Pre-run Validation Status

Run date: 2026-02-20

Validity Gate (oracle_checks.py)

All 12/12 tasks: VALID
  Gold answer score: 1.0 (all tasks)
  Empty answer score: 0.0 (all tasks)

Preflight Validation (validate_tasks_preflight.py)

csb_org_* tasks: 0 CRITICAL, 0 WARNING
Note: 3 warnings from pre-existing non-csb_org tasks (not related)

Infra Readiness (check_infra.py)

OAuth tokens: 3/3 valid
Docker: running
Harbor CLI: available
Disk: 290GB free

Running the Benchmark

Launch both configs (baseline + MCP-Full)

# Full starter pack — both configs (all Org tasks)
configs/run_selected_tasks.sh --benchmark csb_org --parallel 8

# Suite-specific run
configs/run_selected_tasks.sh --benchmark csb_org_crossrepo_tracing --parallel 4

# Single task test
configs/run_selected_tasks.sh --task ccx-onboard-041

Monitor progress

python3 scripts/aggregate_status.py --staging

Extract retrieval metrics after runs complete

for task_dir in runs/staging/*/sourcegraph_full/*/; do
  python3 scripts/csb_metrics/retrieval.py \
    --task-dir "$task_dir" \
    --task-spec benchmarks/csb_org_*/${task_dir##*/}/tests/task_spec.json \
    --output "$task_dir/retrieval_metrics.json"
done

Generate report

python3 scripts/generate_eval_report.py

Actual Run Results

This section will be populated after benchmark runs complete.

Reward Scores

Task ID Baseline Reward MCP-Full Reward Delta
CCX-dep-trace-001 TBD TBD TBD
CCX-dep-trace-004 TBD TBD TBD
CCX-config-trace-010 TBD TBD TBD
CCX-vuln-remed-011 TBD TBD TBD
CCX-vuln-remed-014 TBD TBD TBD
CCX-incident-031 TBD TBD TBD
CCX-onboard-041 TBD TBD TBD
CCX-onboard-050-ds TBD TBD TBD
CCX-explore-042-ds TBD TBD TBD
CCX-crossorg-061 TBD TBD TBD
CCX-crossorg-066 TBD TBD TBD
CCX-explore-091-ds TBD TBD TBD

Retrieval Metrics

Task ID Baseline Oracle Coverage MCP-Full Oracle Coverage BL Repos Touched MCP Repos Touched
CCX-dep-trace-001 TBD TBD TBD TBD
CCX-dep-trace-004 TBD TBD TBD TBD
CCX-config-trace-010 TBD TBD TBD TBD
CCX-vuln-remed-011 TBD TBD TBD TBD
CCX-vuln-remed-014 TBD TBD TBD TBD
CCX-incident-031 TBD TBD TBD TBD
CCX-onboard-041 TBD TBD TBD TBD
CCX-onboard-050-ds TBD TBD TBD TBD
CCX-explore-042-ds TBD TBD TBD TBD
CCX-crossorg-061 TBD TBD TBD TBD
CCX-crossorg-066 TBD TBD TBD TBD
CCX-explore-091-ds TBD TBD TBD TBD

Threshold Calibration

To be set after actual run data is collected.
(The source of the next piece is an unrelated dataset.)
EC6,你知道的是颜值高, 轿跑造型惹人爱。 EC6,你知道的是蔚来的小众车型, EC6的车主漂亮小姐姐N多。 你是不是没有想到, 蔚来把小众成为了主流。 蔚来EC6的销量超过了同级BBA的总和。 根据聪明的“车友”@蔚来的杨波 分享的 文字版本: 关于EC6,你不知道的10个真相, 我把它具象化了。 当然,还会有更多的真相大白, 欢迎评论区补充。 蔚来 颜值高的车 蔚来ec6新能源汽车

Proposed Threshold Approach

Based on static analysis, the following oracle coverage thresholds are proposed as a starting point for calibration. Actual results may require adjustment.
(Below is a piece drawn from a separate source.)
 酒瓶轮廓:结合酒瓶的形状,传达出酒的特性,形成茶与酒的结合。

Metric Proposed Pass Threshold Rationale
oracle_coverage (file_set_match) 0.5 Agent should find at least half the oracle files
oracle_coverage (symbol_resolution) 0.5 At least 1 of 2 symbols
chain_recall (dependency_chain) 0.5 At least half the chain steps
unique_orgs_touched >= 2 (cross-org tasks) Must touch multiple GitHub orgs

Expected MCP Advantage (derived from static analysis)
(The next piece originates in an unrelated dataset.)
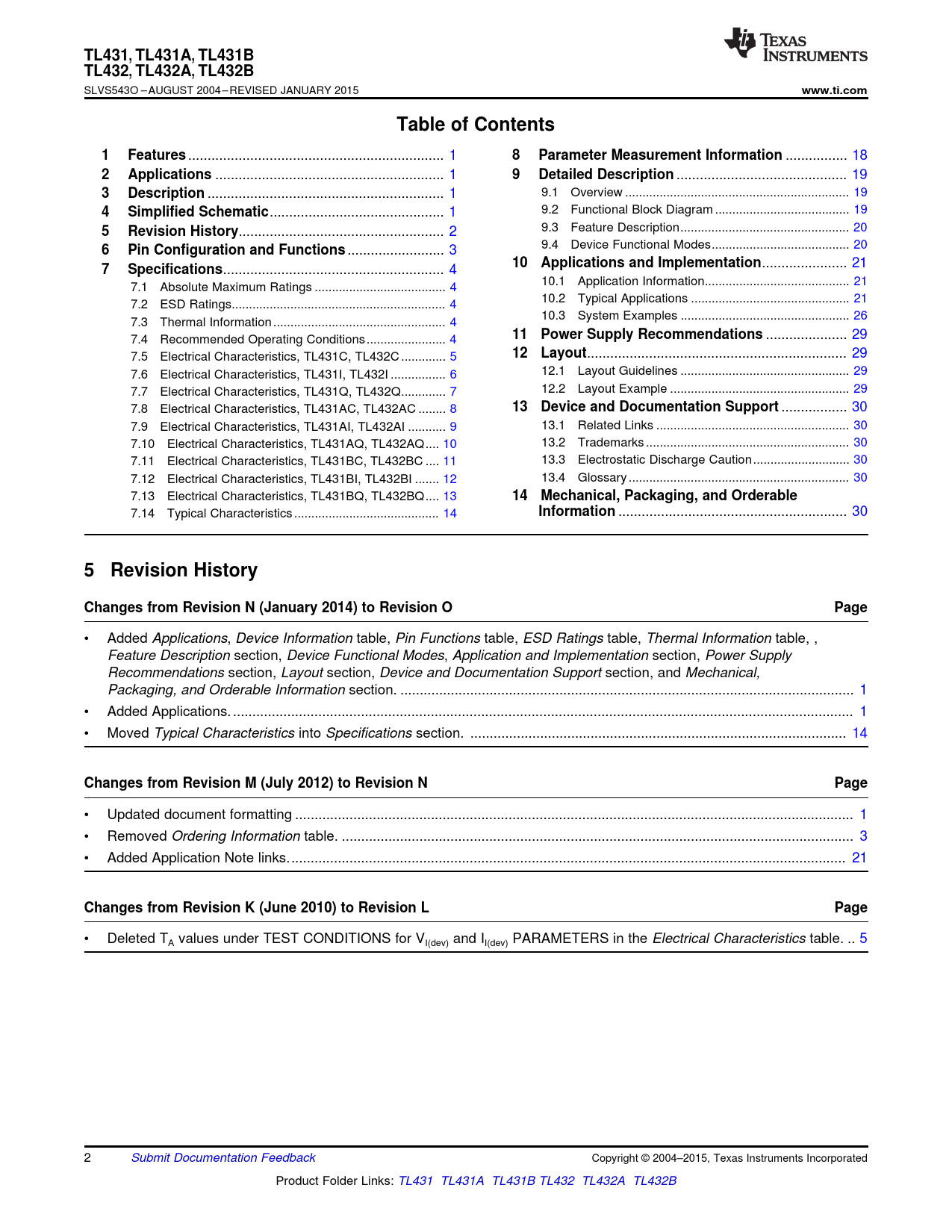 5 Revision History Changes from Revision N (January 2014) to Revision O Page

Predicted mean oracle_coverage delta (MCP-Full vs baseline) per category:

Category Expected BL Coverage Expected MCP Coverage Expected Delta
A (cross-repo tracing) ~17% ~100% +83pp
B (security) 0% ~100% +100pp
D (incident) 0% ~100% +100pp
E (onboarding) ~11% ~100% +89pp
G (cross-org) ~25% ~100% +75pp
J (platform) 0% ~100% +100pp

Note: These are theoretical upper bounds for MCP-Full. Actual agent performance will depend on task complexity, LLM capability, and tool usage patterns.

Notes for Follow-up

  1. Threshold calibration: After first run, set recall/precision thresholds in task_spec.json based on actual MCP-Full scores. Target: threshold = 0.7 × median MCP-Full score (leaves room for model variation while excluding total failures).

  2. Deep Search tasks: CCX-onboard-050-ds, CCX-explore-042-ds, CCX-explore-091-ds are designed to benefit from Deep Search synthesis. Compare DS vs keyword_search quality using the rubric judge criteria.json scores.

  3. Decoy precision: For CCX-crossorg-066, CCX-config-trace-010, CCX-incident-031, measure how often baseline agents cite vendored copies as authoritative (false precision). This is a key differentiating signal.

  4. LLM grader for hybrid tasks: Run python3 scripts/run_judge.py --hybrid on E and J Deep Search tasks after results are available.